Difference of AChE activity between skeletal muscle myogenic progenitor cells (CD 56 positive) and skeletal muscle derived non-myogenic cells was measured. As both cell types were extracted from the same skeletal muscle, MACS (as described in Example 7) was used to separate CD56 positive and CD56 negative cells. Mixtures of these myogenic progenitors and non-myogenic progenitors were created, differentiated for several days and AChE activity detected by Acetylcholinesterase assay (as described in Example 9) before and after differentiation. For visible correlation of CD56 and desmin expression pattern in SMDCs, mixtures of CD56 positive and negative cells were prepared. It was observed that the amount of desmin positive SMDCs increase analogue with the amount of CD56 positive SMDCs in culture. CD56 negative SMDCs were also desmin negative. Dates of this experiment were then analysed in order to calculate the AChE activity in units per millilitre. It was observed that AChE activity is proportional to purity of myogenic progenitor cells (CD56 positive and desmin positive) tested.

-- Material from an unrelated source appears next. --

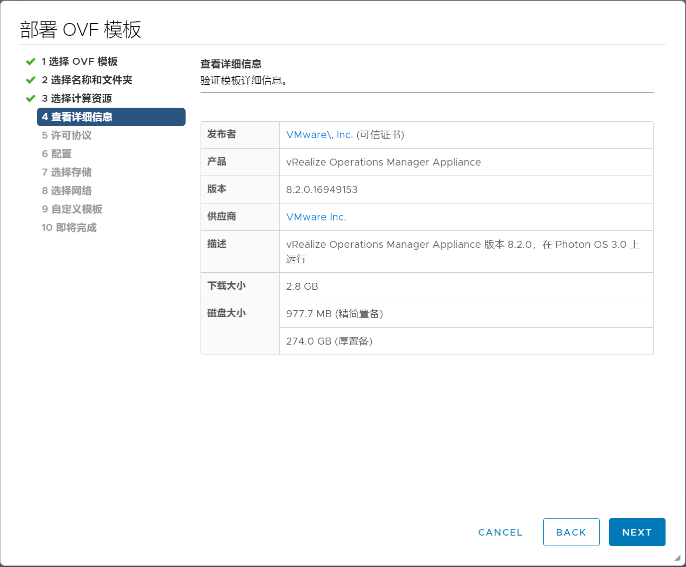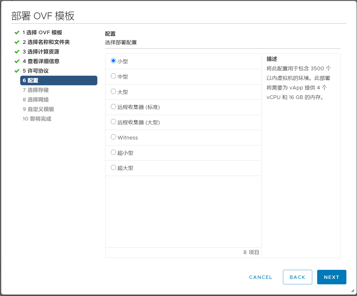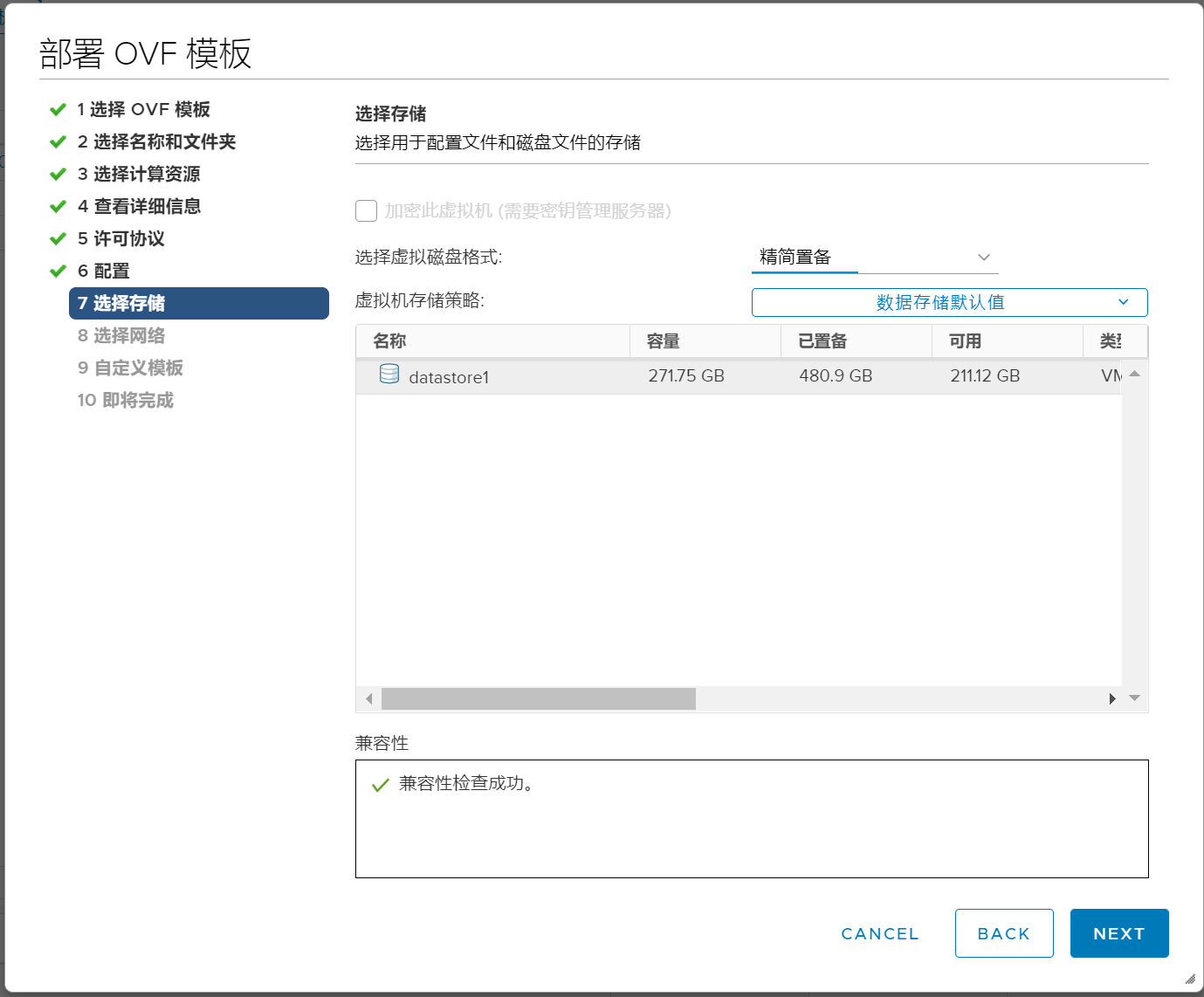 5、选择部署的存储位置,磁盘格式建议选择精简置备

EXAMPLE 14 Influence of Trypsin and Collagenase on Membrane Bound AChE

To detect the effect of proteolytic enzymes on the membrane bound AChE, digestion of multinucleated myotubes with collagenase or trypsin was carried out as described above. Therefore, AChE activity of either the digested cells or the supernatant was measured. It was shown that AChE activity of multinucleated myotubes (measured in non-membrane permeable buffer, PBS) decreased after 2 hours of collagenase digestion. Also trypsin digestion seems to have an impact on membrane bound AChE because AChE activity of digestion solution increased after incubation with myotubes for 2 hours.

EXAMPLE 15 Potency Assay

To increase the attachment of cells in 96 well plates said 96 well plates were coated with fibronectin by incubating each 100 μl fibronectin (5 μg/ml) in the 96 wells for at least 40 minutes at 37° C., 5% CO2. Subsequently, the wells were washed once with 10×PBS.

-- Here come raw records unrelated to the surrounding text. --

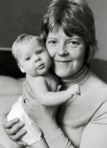 แม่ เลสลีย์ บราวน์ (Lesley Brown) กำลังอุ้ม หลุยส์ บราวน์ เด็กหลอดแก้วคนแแรกของโลก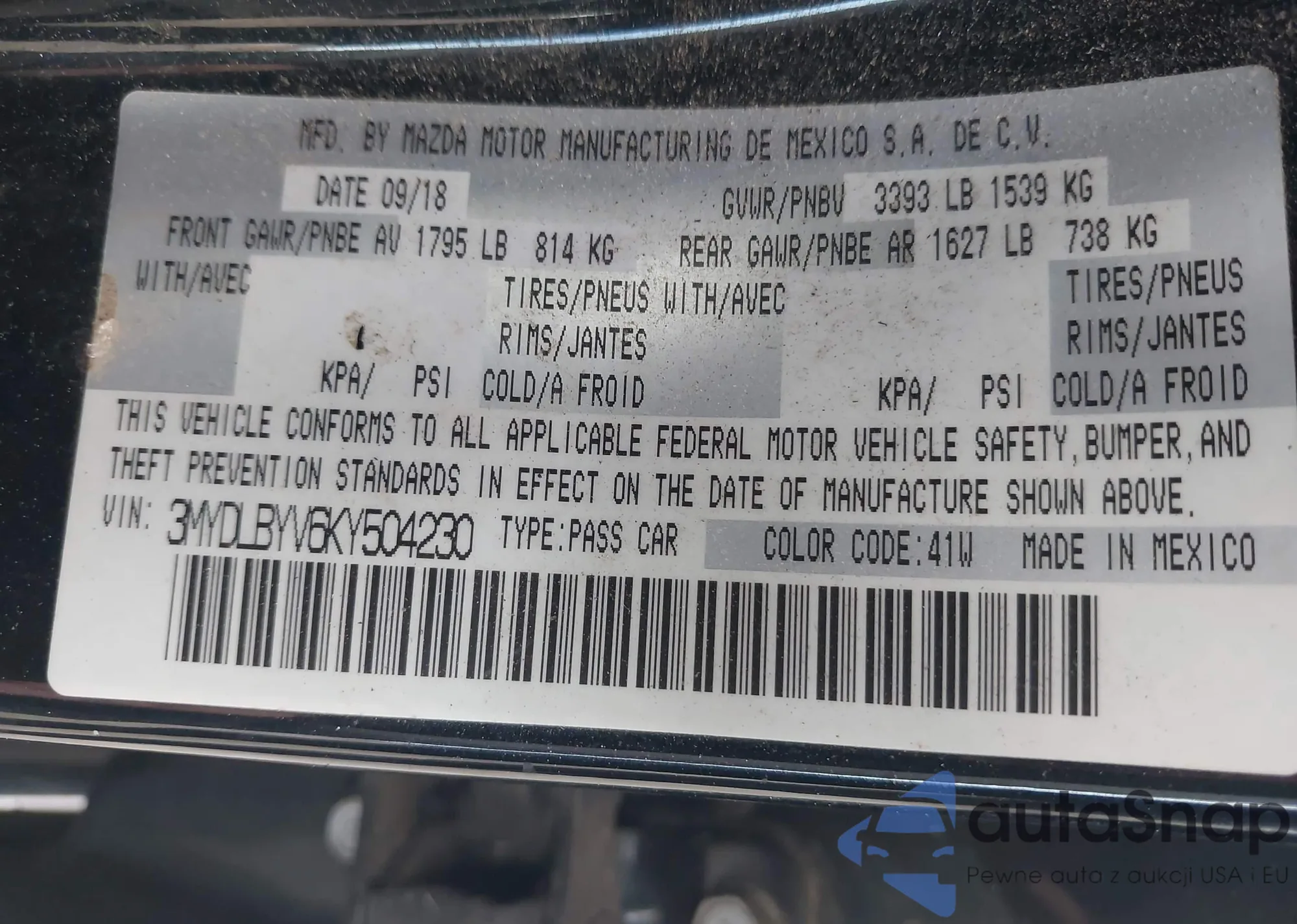 LOT: 43355206 VIN: WAUB4CF54RA053189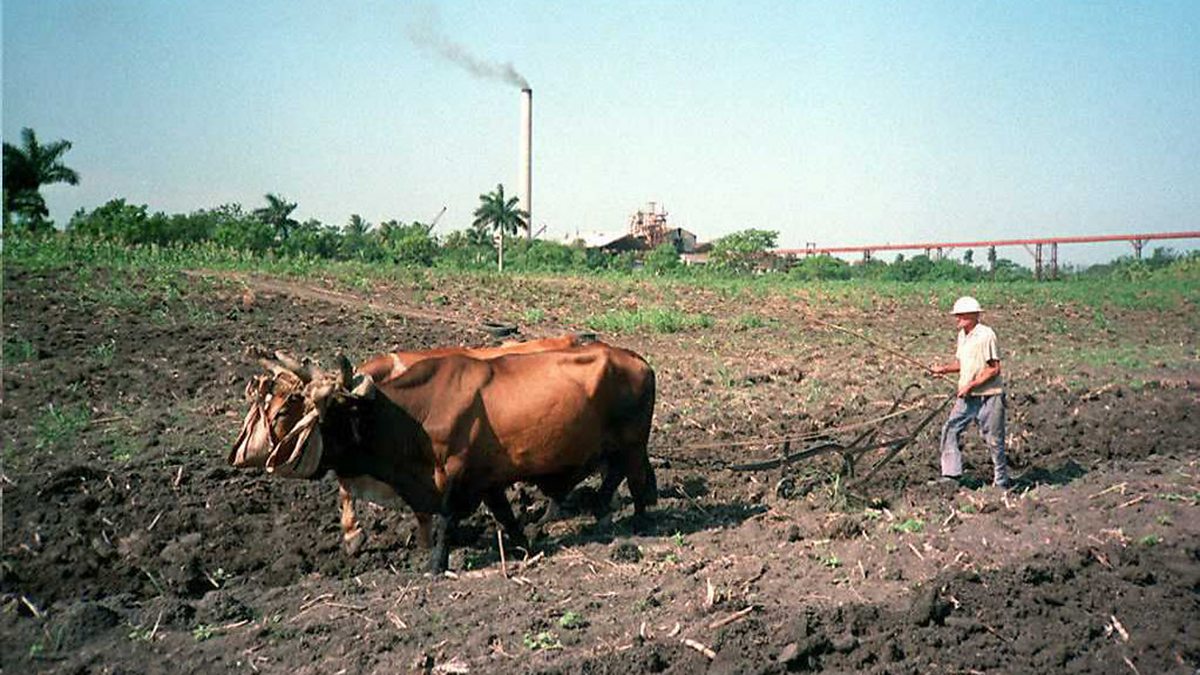 (Photo: Due to severe fuel shortages in the 1990s, a Cuban peasant is forced to use oxen instead of a tractor to plow a cane field (Credit: AFP/Getty Images)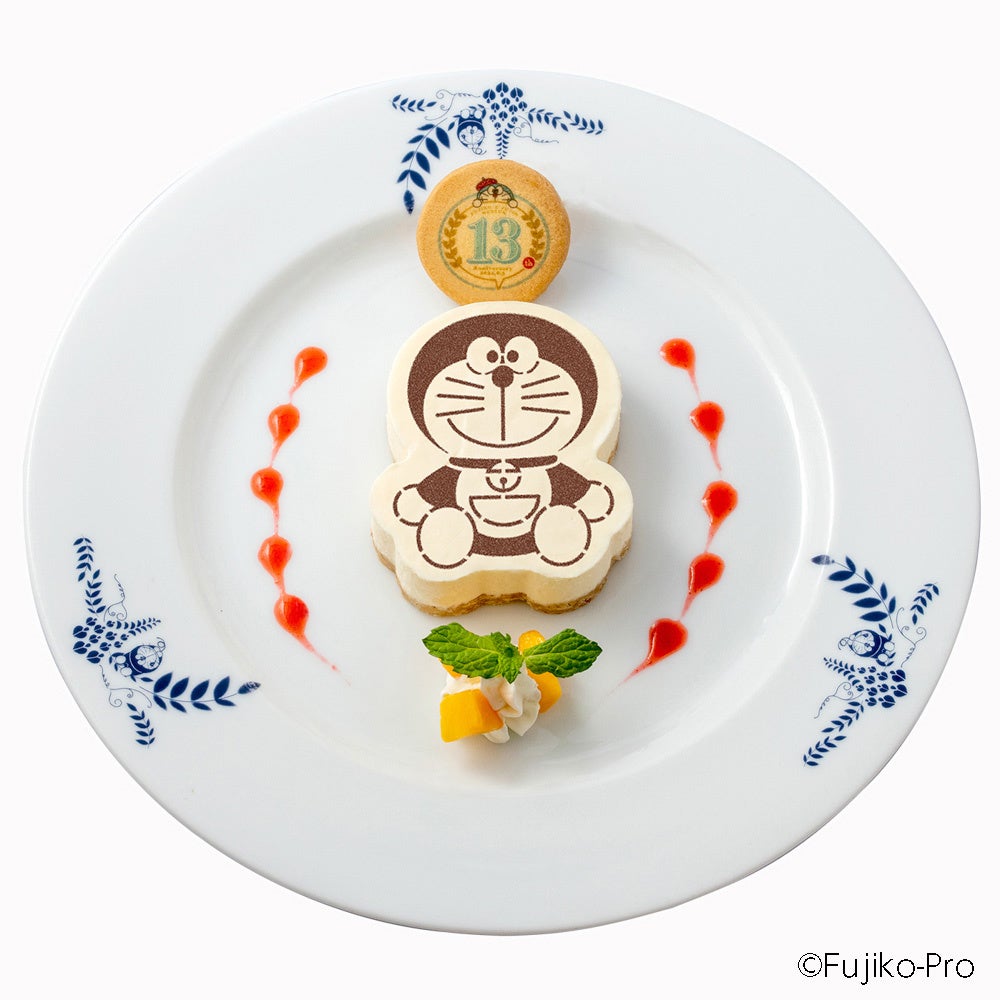 ドラえもんをかたどった、なめらか食感のチーズケーキです。ココアパウダーでドラえもんを表現しています。13周年ロゴのクッキーつき!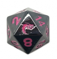 Old School RPG Metal Dice: Metal D20 Halfling Forged - Black Nickel w/ Pink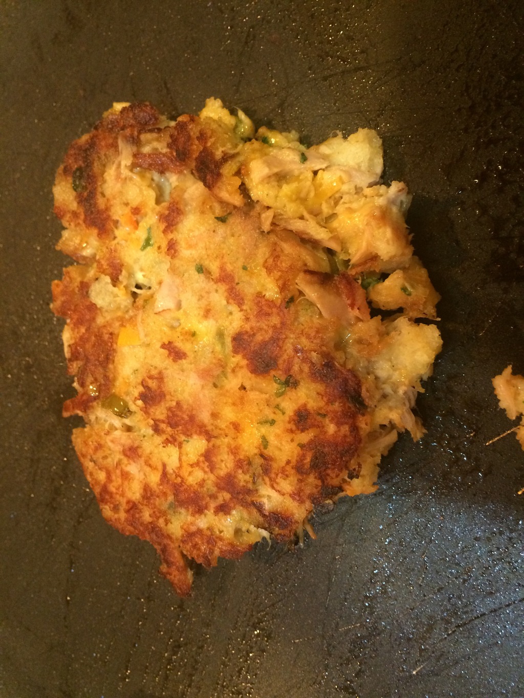 Once the pasta and the sauce were combined it was time to fry up the tuna cakes. To do this, use a non-stick skillet and an ice cream scoop to make portions. Cook them on both sides until golden brown.

SMDCS isolated from a biceps biopsy of a patient have been analysed by FACS analysis for the expression of CD56. Afterwards, 50000 CD56+ cells were pipetted in each well of two 96 well plates (plate 1 and 2). In a third 96 well plate (plate 3) 50000 cells were pipetted in each well of said 96 well plate, wherein said cells were composed of 60% CD56+ cells and 40% CD56− cells. Subsequently, each 200 μl Myoblast medium was added and the 96 well plates were incubated at 37° C., 5% CO2 overnight. On the next day the myoblast medium of plate 1 and 3 was aspirated. The wells were washed once with differentiation medium. Subsequently, 200 μl differentiation medium was added to each well and the plates were incubated at 37° C., 5% CO2 for five days. The AChE activity of plate 2 was measured at the same day on which differentiation medium was added to plates 1 and 3. The AChE activity of plates 1 and 3 was measured after incubation and thus 5 days after the addition of differentiation medium. For measuring the AChE activity of plate 2 the myoblast medium was aspirated and the 96 well plate was washed once with PBS. Afterwards, 100 μl of substrate solution (1 mg substrate per 100 μl PBS) was added to each well. Subsequently, the OD was measured at 412 nm in a Plate Reader (Anthos 2010) each 60 seconds for in total 60 minutes. For measuring the AChE activity of plates 1 and 3 five days after the measurement of AChE activity of plate 2 the differentiation medium is aspirated. Then, 100 μl substrate medium was added directly into the wells of the 96 well plates. The further steps were the same as performed for the measurement of the AChE activity of plate 2.

For evaluating the obtained data the changes of the OD between 60 minutes and the start of each single measurement is calculated and called “OD-change”. The OD-change of plates 1 and 3 and plate 2 are then divided for calculating the multiplication of the AChE activity during five days of differentiation.

The potency assay as described above have been performed for three different orders (FAUs) obtained from three different patients. The amount of CD56+ cells in each of the FAUs was as follows: Fau0114516 (96.57% CD56 positive), Fau0114523 (96.715% CD56 positive) and Fau0114517 (75% CD56 positive). The results are shown in the following table:

OD Change multiplication % CD56+ sample Start 5 days Diff 0-5 days Diff 96.57 Fau0114516 0.06 0.41 6.75 96.72 Fau0114523 0.06 0.66 11.07 75.8 Fau0114517 0.08 0.34 4.28 60 Fau0114516 0.05 0.16 3.28 60 Fau0114523 0.09 0.35 3.83 60 Fau0114517 0.07 0.24 3.47

Thus, the multiplication of the AChE activity increases with the proportion of fusion competent CD56+ cells. Moreover, it was shown that the AChE activity of the cells not mixed with CD56− cells is in all cases higher than the AChE activity of the mixtures comprising 60% CD56+ cells.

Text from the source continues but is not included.